- TASK REQUIREMENTS -
From the listing below, reproduce exactly the lines starting with the one with "Portable Backlit AM/FM" and going on through the one with "Según este recibo, salario= 2231,98", both ends kept. No picture is copied.

- DATA SHOWN -
◆ ◆ ◆

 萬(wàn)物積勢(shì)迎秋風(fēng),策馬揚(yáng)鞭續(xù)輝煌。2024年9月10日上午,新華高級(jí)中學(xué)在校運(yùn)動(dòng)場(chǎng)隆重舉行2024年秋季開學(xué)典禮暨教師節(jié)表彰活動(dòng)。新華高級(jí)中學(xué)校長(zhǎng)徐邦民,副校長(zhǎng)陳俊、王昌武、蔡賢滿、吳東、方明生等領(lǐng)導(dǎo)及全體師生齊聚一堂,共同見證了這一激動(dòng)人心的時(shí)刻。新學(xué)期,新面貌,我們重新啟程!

◆ ◆ ◆

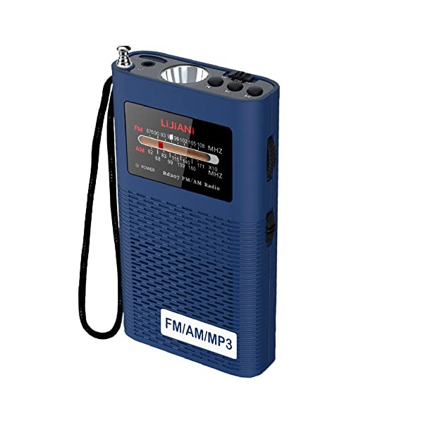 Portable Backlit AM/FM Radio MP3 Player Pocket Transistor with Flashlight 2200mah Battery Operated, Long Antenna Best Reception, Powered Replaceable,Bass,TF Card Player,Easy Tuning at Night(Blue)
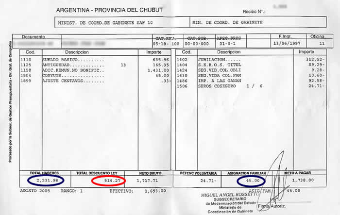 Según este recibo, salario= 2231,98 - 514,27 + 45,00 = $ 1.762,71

◆ ◆ ◆

- WRITTEN SOLUTION -
 Portable Backlit AM/FM Radio MP3 Player Pocket Transistor with Flashlight 2200mah Battery Operated, Long Antenna Best Reception, Powered Replaceable,Bass,TF Card Player,Easy Tuning at Night(Blue)
 Según este recibo, salario= 2231,98 - 514,27 + 45,00 = $ 1.762,71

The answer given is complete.